Network analyses were performed for groups of 4, 8 and 15/16 mice using Cytoscape 3.9.1⁵⁵. For network construction, we prepared a tab-delimited summary table with three columns: Source, Target and Edge betweenness. This table lists all mouse pairs along with their associated interaction strengths, calculated as

$$\mathrm{Edge}\,\mathrm{betweenness}=\frac{1}{10}\times {\mathrm{CCR}}^{(i,\,j)}.$$

This downscaled CCR value was used to modulate edge thickness in Cytoscape visualizations⁵⁵. To represent interaction topology, we applied the Edge-weighted Spring Embedded Layout, which facilitates intuitive interpretation of social interactions among mice based on their proximity metrics.

PCA

PCA was performed using Python 3 (Version 3.9.7) on four datasets derived from long-term behavioral recordings of mice in large groups during light and dark periods, focusing on relative activity levels and CCR. Three types of PCA visualizations were generated:

1. (1)

   PCA contribution vectors displayed directly on the PCA plot (implemented in ‘IP_PCA.py’);

2. (2)

   K-means clustering analysis, with the optimal number of clusters determined using the elbow method and silhouette method, applied to the PCA plot (implemented in ‘IP_Elbow_Silhouette.py’);

3. (3)

   PCA plots color-coded by gender and genotype to facilitate group comparisons (implemented in ‘IP_PCA.py’).
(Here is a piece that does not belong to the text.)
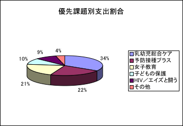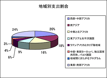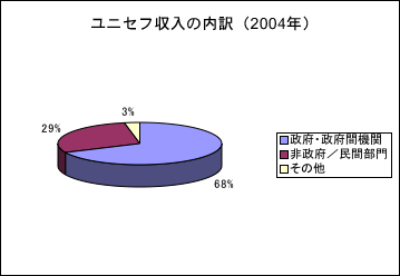 ユニセフの収入はすべて任意拠出によって支えられています。2004年度の総収入は19億7,800万米ドルにのぼり、そのうちの68%(13億3,900万米ドル)が政府・政府間機関からの拠出、29%(5億7,800万米ドル)が非政府/民間部門からの募金によるものでした。3%(6,100万米ドル)はその他の資金源からです。優先課題別、地域別の支出割合は以下のとおりです。

All PCA computations and visualizations were performed using custom Python scripts (IP_PCA.py’ and ‘IP_Elbow_Silhouette.py’), which are available in the public GitHub repository (see ‘Code availability’ section).

Figure visualization

Graphical representations were primarily created using Prism 9 (GraphPad Software). Time-series line graphs and heat maps of travel distances or cumulative CCRs, as well as transitions in the proportionate of social distances (‘Same’, ‘Close’, ‘Intermediate’ and ‘Away’) were generated. Pie charts illustrating the distribution of social distances were also prepared. PCA plots were created in Python 3, and the social network graphs for the groups were constructed using Cytoscape version 3.9.1⁵⁵.

Statistical analysis

Statistical analyses were conducted with Prism version 9 (GraphPad). Two-way ANOVA followed by Holm–Šidák’s multiple comparisons test was used for all bar and line graphs and box plots evaluating locomotor activity and CCR to assess differences between groups. This statistical approach was based on the methodology described in a previously published study⁵⁶, with minor adaptations for the present analyses. For social interaction analyses based on categorical distance distributions, the chi-square test was used. Data in bar or line graphs are presented as mean ± s.d., with statistical significance indicated as *P < 0.05, **P < 0.01, ***P < 0.001. Exact P values, F values and degrees of freedom for all results are provided in Supplementary Data 1. All experiments were performed once (single repetition).

Reporting summary

Further information on research design is available in the Nature Portfolio Reporting Summary linked to this article.